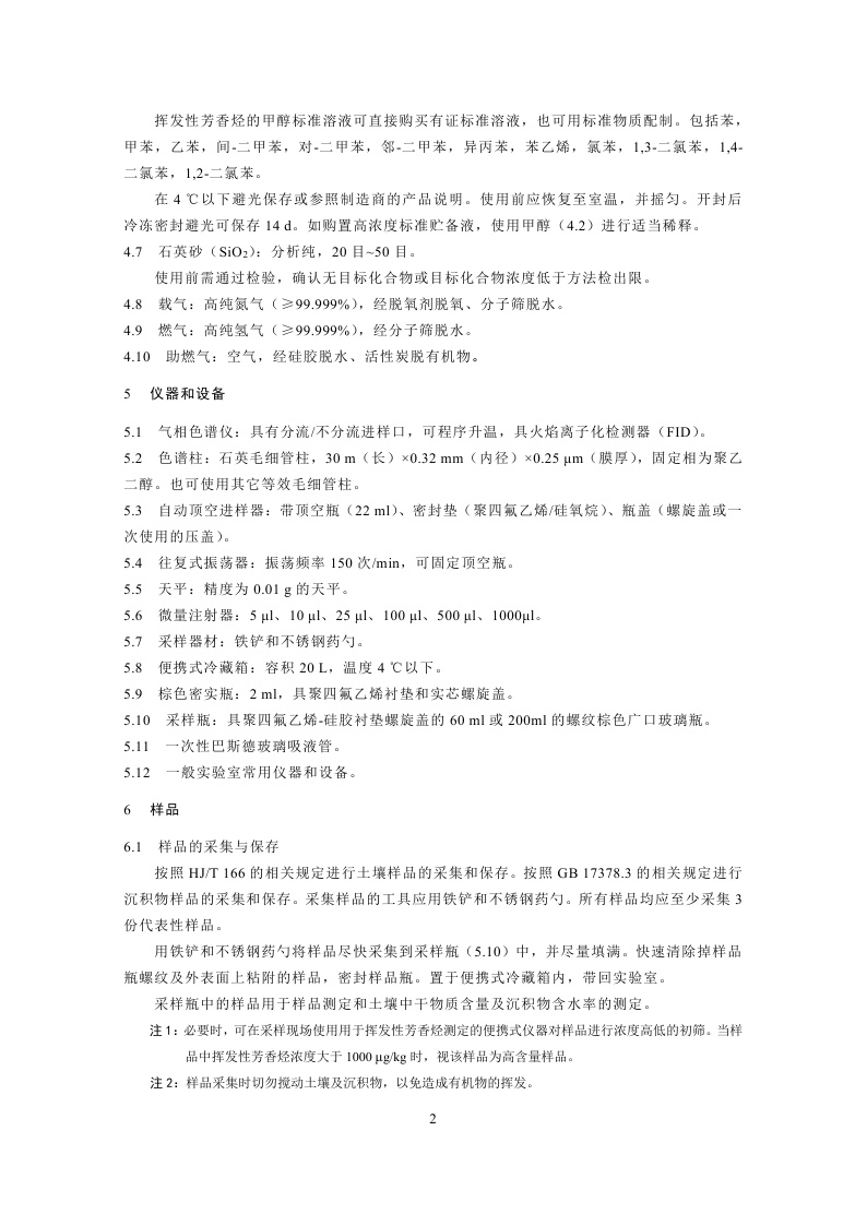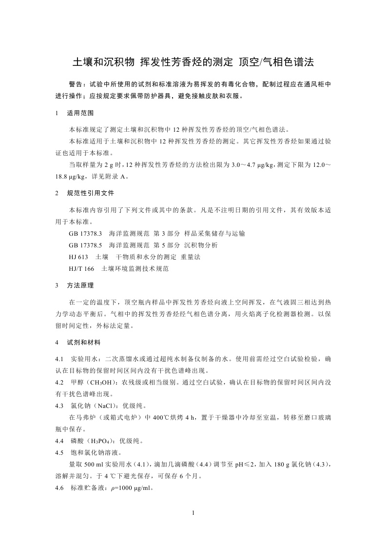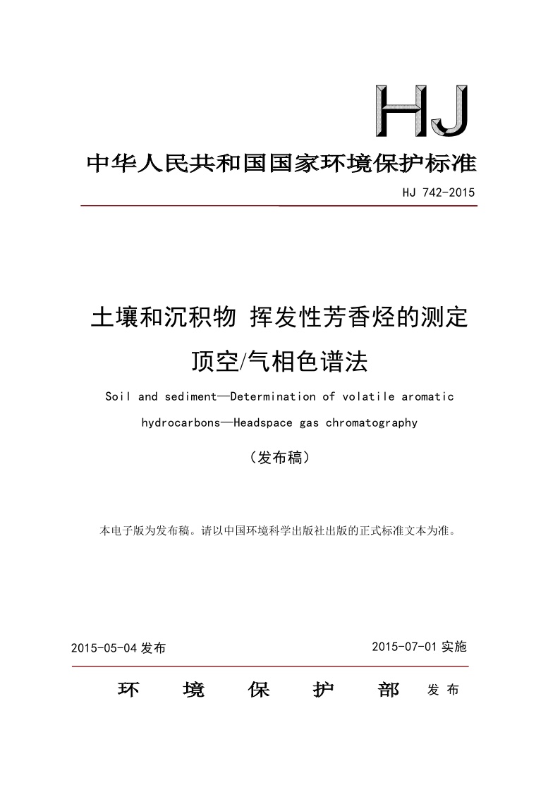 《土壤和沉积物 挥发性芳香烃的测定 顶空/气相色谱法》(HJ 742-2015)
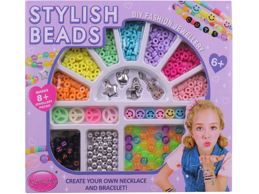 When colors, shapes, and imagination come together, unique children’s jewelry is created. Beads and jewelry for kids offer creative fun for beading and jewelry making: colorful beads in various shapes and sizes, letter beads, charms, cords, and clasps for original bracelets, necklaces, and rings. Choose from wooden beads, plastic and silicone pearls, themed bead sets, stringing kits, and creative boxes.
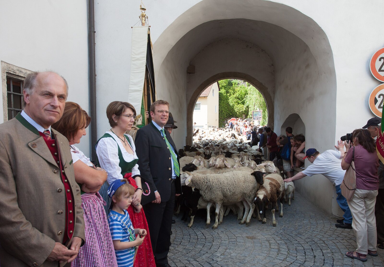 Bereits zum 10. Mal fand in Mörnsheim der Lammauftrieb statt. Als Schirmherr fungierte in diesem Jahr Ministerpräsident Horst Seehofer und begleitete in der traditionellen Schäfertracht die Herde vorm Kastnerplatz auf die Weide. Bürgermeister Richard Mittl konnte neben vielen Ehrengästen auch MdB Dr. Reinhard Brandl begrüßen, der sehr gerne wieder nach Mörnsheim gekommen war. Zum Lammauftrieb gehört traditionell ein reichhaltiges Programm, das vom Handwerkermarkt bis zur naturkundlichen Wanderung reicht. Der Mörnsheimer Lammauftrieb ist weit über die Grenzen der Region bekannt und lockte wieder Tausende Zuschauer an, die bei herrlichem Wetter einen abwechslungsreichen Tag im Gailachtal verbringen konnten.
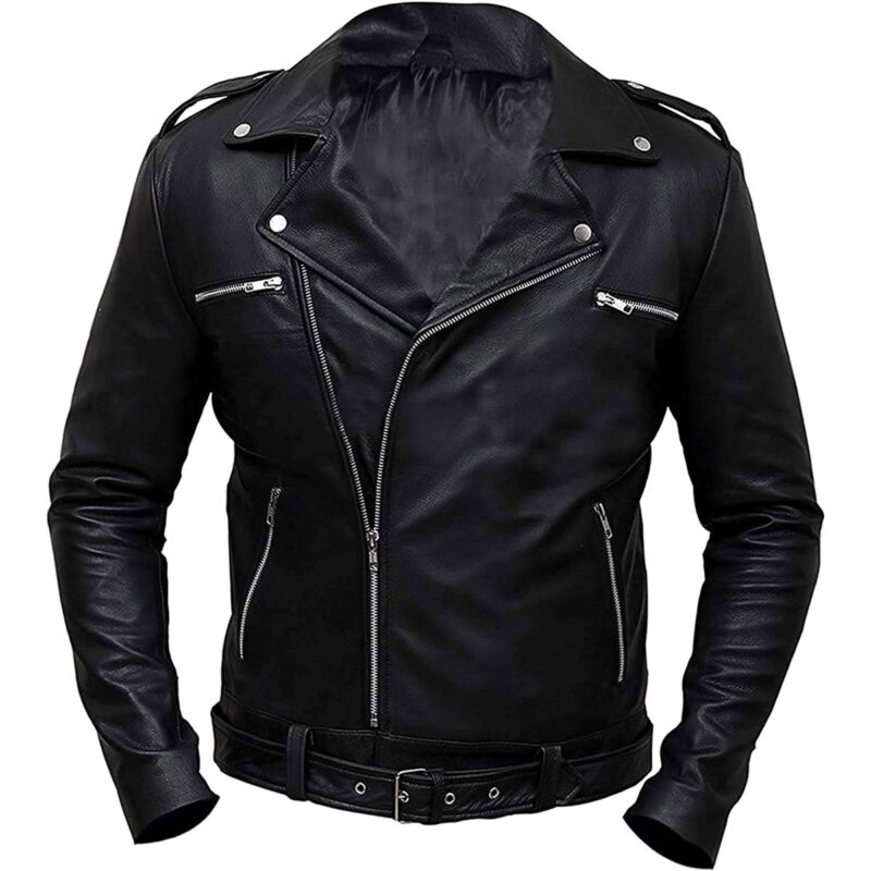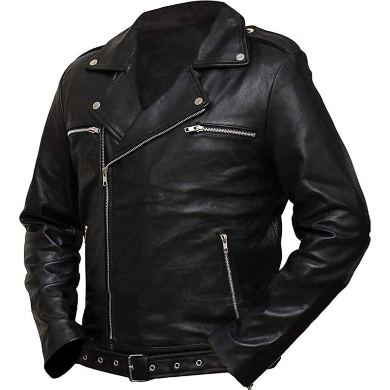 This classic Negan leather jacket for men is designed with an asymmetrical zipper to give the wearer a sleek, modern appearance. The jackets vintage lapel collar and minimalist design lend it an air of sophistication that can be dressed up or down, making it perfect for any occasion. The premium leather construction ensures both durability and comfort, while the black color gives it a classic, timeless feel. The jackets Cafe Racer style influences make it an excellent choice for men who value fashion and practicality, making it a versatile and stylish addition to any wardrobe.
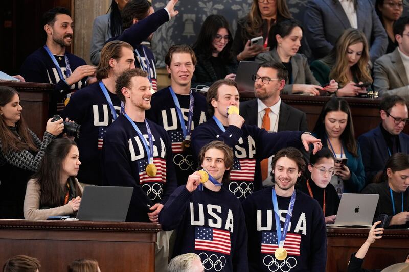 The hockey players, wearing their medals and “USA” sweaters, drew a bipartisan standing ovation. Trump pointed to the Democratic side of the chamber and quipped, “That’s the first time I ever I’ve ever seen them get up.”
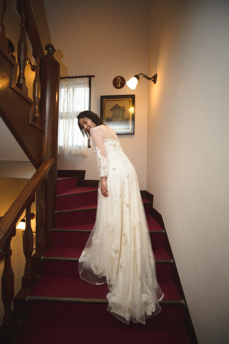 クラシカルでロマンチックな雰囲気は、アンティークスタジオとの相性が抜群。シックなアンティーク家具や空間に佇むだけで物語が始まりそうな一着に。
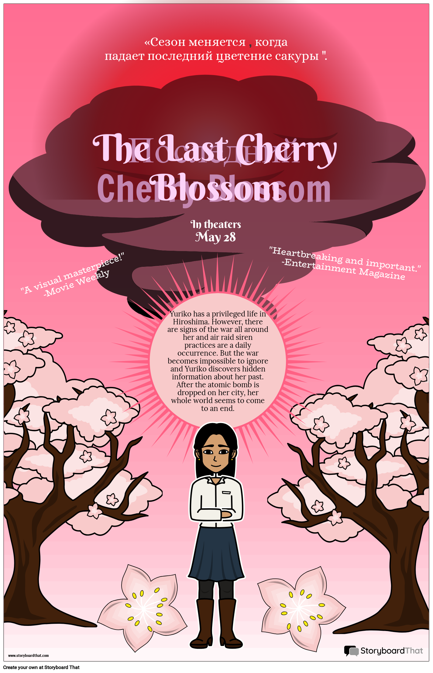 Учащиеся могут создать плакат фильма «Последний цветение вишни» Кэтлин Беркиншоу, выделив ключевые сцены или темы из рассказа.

--

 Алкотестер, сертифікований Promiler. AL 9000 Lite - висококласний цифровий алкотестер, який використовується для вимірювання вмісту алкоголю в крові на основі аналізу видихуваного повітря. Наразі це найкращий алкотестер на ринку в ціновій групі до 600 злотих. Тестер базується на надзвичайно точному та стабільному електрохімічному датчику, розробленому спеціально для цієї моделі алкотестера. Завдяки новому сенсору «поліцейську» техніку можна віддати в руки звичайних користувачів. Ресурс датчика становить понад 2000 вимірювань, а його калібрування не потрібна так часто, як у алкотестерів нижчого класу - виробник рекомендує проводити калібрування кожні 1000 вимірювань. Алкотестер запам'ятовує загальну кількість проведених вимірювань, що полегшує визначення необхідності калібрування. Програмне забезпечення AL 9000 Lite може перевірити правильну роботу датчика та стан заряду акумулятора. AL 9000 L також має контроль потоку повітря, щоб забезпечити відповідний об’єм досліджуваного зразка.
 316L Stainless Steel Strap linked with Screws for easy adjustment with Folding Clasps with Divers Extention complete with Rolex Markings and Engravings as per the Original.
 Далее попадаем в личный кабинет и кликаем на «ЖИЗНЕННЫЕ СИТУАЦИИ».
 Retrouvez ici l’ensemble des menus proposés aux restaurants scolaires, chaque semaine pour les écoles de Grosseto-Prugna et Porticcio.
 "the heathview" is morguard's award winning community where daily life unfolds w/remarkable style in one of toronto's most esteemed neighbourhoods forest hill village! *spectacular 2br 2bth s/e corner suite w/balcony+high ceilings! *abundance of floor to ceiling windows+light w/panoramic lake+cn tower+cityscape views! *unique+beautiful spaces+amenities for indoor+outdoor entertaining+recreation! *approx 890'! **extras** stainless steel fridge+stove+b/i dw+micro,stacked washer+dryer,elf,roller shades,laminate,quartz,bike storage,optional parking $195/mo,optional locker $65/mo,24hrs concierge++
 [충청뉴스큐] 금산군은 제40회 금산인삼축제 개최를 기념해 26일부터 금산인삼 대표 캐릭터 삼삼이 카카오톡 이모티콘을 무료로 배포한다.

• WORK ITEM
Repeat, character for character, the lines of the material above from the line with "locker $65/mo,24hrs concierge++" through the line with "[충청뉴스큐] 금산군은 제40회".

• RESULT BELOW
 "the heathview" is morguard's award winning community where daily life unfolds w/remarkable style in one of toronto's most esteemed neighbourhoods forest hill village! *spectacular 2br 2bth s/e corner suite w/balcony+high ceilings! *abundance of floor to ceiling windows+light w/panoramic lake+cn tower+cityscape views! *unique+beautiful spaces+amenities for indoor+outdoor entertaining+recreation! *approx 890'! **extras** stainless steel fridge+stove+b/i dw+micro,stacked washer+dryer,elf,roller shades,laminate,quartz,bike storage,optional parking $195/mo,optional locker $65/mo,24hrs concierge++
 [충청뉴스큐] 금산군은 제40회 금산인삼축제 개최를 기념해 26일부터 금산인삼 대표 캐릭터 삼삼이 카카오톡 이모티콘을 무료로 배포한다.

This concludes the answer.